Although the results fall just short of the specified noninferiority margin, the omission of bleomycin from the ABVD regimen after negative findings on interim PET resulted in a lower incidence of pulmonary toxic effects than with continued ABVD but not significantly lower efficacy….— Peter Johnson, MD, and colleagues
In a phase III trial reported in The New England Journal of Medicine, Peter Johnson, MD, of the Cancer Research UK Centre, University of Southampton, and colleagues found similar efficacy with continued ABVD (doxorubicin, bleomycin, vinblastine, dacarbazine) vs omission of bleomycin (AVD) after negative interim PET-CT (positron-emission tomography–computed tomography) in patients with advanced Hodgkin lymphoma.1
In the trial, 1,203 patients with newly diagnosed advanced classical Hodgkin lymphoma were enrolled from 138 sites in the UK, Italy, Australia, New Zealand, Norway, Sweden, and Denmark between August 2008 and December 2012. Patients underwent baseline PET-CT and received two cycles of ABVD, followed by an interim PET-CT scan. Images were centrally reviewed using a 5-point scale, with negative PET findings defined as a score of 1 to 3. Patients with negative findings after two cycles were randomized to continue ABVD or to receive AVD without bleomycin in cycles three to six. Patients with positive PET findings after two cycles received BEACOPP (bleomycin, etoposide, doxorubicin, cyclophosphamide, vincristine, procarbazine, and prednisone). Radiotherapy was not recommended for patients with negative interim scans. The primary outcome measure was the difference in 3-year progression-free survival rate between the ABVD and AVD groups, using a noninferiority comparison to exclude a difference of ≥ 5 percentage points.

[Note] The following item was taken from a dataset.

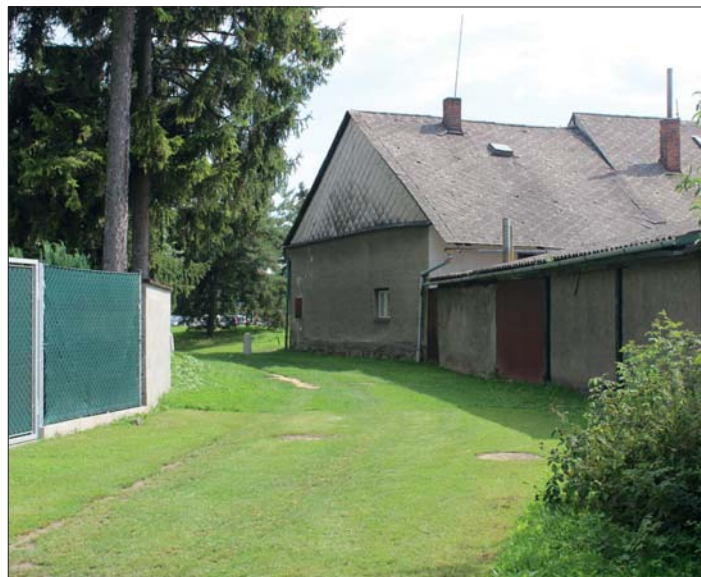
Dnes je místo potoka ulička za domy na Záhumení.

Overall, patients had a median age of 33 years (range = 18–79 years); 54.5% were male; 41.6% had stage II, 30.2% stage III, and 28.3% stage IV disease; 61.3% had B symptoms; and 32.1% had bulky disease.
After 2 cycles of ABVD, 1,119 patients underwent interim PET-CT, with negative PET findings found in 937 (83.7%). Of them, 470 continued ABVD and 465 received AVD; 172 patients with positive PET findings received BEACOPP. Consolidation radiotherapy was given to 2.6% of patients in the ABVD group and 4.3% in the AVD group. Median follow-up was 41 months.
Three-year progression-free survival was 85.7% (95% confidence interval [CI] = 82.1%–88.6%) in the ABVD group vs 84.4% (95% CI = 80.7%–87.5%) in the AVD group (hazard ratio [HR] = 1.13, 95% CI = 0.81–1.57). The absolute difference in the 3-year progression-free survival was 1.6 percentage points, with a 95% confidence interval of −3.2% to 5.3%, which exceeded the noninferiority margin of 5%. Three-year overall survival was 97.2% (95% CI = 95.1%–98.4%) vs 97.6% (95% CI = 95.6%–98.7%; HR = 0.90, 95% CI = 0.47–1.74).
In subgroup analysis, there was no significant difference between groups in 3-year progression-free survival according to age, sex, disease stage, international prognostic score, presence or absence of bulky disease, or PET score; the hazard ratio favored the ABVD group in patients without B symptoms.
Outcome With BEACOPP
Among the 172 patients receiving BEACOPP, 74.4% had negative third PET-CT scans; 3-year progression-free survival was 67.5%, and 3-year overall survival was 87.8%. There was no significant difference in outcomes between the 94 patients receiving BEACOPP-14 and the 78 patients receiving escalated BEACOPP. Adverse events were generally similar between these treatments, except for more frequent thrombocytopenia and febrile neutropenia in those receiving escalated BEACOPP.
Overall, 62 patients died during the trial, including 24 from Hodgkin lymphoma, yielding 3-year progression-free survival of 82.6% and overall survival of 95.8% in the total population.
Grade 3 or 4 adverse events occurred in 69% of the ABVD group and 65% of the AVD group, with the most common being neutropenia (59% in both) and any infection (15% vs 10%, including febrile neutropenia in 5% vs 2%). Grade 3 or 4 respiratory events were more common with ABVD, including any pulmonary or upper respiratory event (3% vs 1%), dyspnea (2% vs < 0.5%), and pneumonitis (1% vs < 0.5%). Longitudinal analysis showed an absolute difference in DLCO (diffusing capacity of the lungs for carbon monoxide) between the ABVD group and AVD group of –7.4% (P < .001) at the end of therapy and −4.6% (P = .003) at 1 year.
The investigators concluded:
Although the results fall just short of the specified noninferiority margin, the omission of bleomycin from the ABVD regimen after negative findings on interim PET resulted in a lower incidence of pulmonary toxic effects than with continued ABVD but not significantly lower efficacy…. [D]isease control of advanced Hodgkin lymphoma after interim-PET–adapted therapy showed overall outcomes at least as good as in our previous studies. Longer follow-up will be required to establish whether reduction in the use of bleomycin and consolidation radiotherapy may affect long-term morbidity and mortality. ■
Disclosure: The study was funded by Cancer Research UK, Leukaemia and Blood Cancer New Zealand, and Cancer Australia. For full disclosures of the study authors, visit www.nejm.org.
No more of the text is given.